# Anyone know what kind I am?



## xchrislundtx (Jan 23, 2015)

Does anyone know what kind of Cichlid this is? When I bought him, it was just under "Assorted African Cichlids".


----------



## xchrislundtx (Jan 23, 2015)

Also this one


----------



## xchrislundtx (Jan 23, 2015)




----------



## xchrislundtx (Jan 23, 2015)

here is a better picture of the second one


----------



## animallover4life (Jul 23, 2014)

The first pic looks a bit like a yellow lab and the second looks like a demasoni or demasoni hybrid


----------



## xchrislundtx (Jan 23, 2015)

Yeah I think that oneis definitly an Electric Yellow Lab... TY


----------



## noki (Jun 13, 2003)

1. top is Red Zebra ... lower left yellow Lab
2. Kenyi which may not be pure 
3. Cobalt Zebra it seems


----------



## The Cichlid Guy (Oct 18, 2014)

Agree with noki.
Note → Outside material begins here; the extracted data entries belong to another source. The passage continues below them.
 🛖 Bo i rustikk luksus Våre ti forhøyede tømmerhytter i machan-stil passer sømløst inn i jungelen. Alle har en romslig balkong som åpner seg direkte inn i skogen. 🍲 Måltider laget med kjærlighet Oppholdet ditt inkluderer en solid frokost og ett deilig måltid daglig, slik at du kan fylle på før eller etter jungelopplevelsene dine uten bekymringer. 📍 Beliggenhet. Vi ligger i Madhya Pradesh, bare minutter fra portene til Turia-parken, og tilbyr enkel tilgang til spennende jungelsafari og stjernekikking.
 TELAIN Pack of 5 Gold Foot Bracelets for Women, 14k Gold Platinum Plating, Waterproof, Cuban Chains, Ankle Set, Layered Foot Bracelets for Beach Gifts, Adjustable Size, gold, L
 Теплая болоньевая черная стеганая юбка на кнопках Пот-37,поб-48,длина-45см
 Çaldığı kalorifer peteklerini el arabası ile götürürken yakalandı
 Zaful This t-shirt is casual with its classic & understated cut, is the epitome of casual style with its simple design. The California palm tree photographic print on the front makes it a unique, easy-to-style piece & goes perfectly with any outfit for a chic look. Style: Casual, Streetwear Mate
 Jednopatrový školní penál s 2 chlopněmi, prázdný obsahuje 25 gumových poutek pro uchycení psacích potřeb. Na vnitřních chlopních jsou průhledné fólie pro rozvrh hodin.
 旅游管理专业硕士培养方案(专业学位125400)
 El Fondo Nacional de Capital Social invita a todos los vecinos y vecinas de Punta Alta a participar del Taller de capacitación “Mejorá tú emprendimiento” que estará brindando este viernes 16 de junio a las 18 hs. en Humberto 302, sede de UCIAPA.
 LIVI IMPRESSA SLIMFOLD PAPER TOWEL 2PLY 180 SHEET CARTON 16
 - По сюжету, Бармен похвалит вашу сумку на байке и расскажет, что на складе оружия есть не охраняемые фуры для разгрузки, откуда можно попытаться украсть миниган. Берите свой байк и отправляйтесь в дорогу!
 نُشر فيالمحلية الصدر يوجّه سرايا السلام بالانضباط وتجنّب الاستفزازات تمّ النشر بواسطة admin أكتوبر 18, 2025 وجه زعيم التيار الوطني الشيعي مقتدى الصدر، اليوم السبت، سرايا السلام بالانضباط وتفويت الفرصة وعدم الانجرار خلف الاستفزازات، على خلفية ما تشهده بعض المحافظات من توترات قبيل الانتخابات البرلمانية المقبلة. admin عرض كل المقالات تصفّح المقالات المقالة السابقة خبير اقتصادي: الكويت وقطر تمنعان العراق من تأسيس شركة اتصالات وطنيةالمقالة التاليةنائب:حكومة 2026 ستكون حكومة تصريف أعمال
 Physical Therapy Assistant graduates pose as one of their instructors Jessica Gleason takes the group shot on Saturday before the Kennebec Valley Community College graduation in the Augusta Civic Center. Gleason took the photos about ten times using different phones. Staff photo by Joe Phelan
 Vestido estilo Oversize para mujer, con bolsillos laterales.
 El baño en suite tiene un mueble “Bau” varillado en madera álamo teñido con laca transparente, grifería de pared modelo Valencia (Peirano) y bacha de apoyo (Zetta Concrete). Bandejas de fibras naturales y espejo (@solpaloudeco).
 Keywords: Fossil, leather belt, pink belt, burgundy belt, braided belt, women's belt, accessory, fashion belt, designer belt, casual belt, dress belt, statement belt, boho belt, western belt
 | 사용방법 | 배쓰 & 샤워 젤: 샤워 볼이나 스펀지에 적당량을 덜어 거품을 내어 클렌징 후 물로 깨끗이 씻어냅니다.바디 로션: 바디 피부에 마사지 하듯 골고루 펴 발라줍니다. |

The Kenyi looks very much like the individuals I see at big-box stores with poor barring.

There's something off about the color on the (possible) Cobalt Zebra, but it could just be the lighting/angle/picture. He has a green sheen on my screen.


----------



## cichlid_geeza (Jan 27, 2015)

don't think the top one is a yellow lab. looks like a possible female Pseudotropheus saulosi


----------



## The Cichlid Guy (Oct 18, 2014)

cichlid_geeza said:


> don't think the top one is a yellow lab. looks like a possible female Pseudotropheus saulosi


I think you're looking at the Red Zebra. The fish below that with the black dorsal fin is definitely a Yellow Lab.

I would be shocked if a Saulosi was found in an "assorted" tank.


----------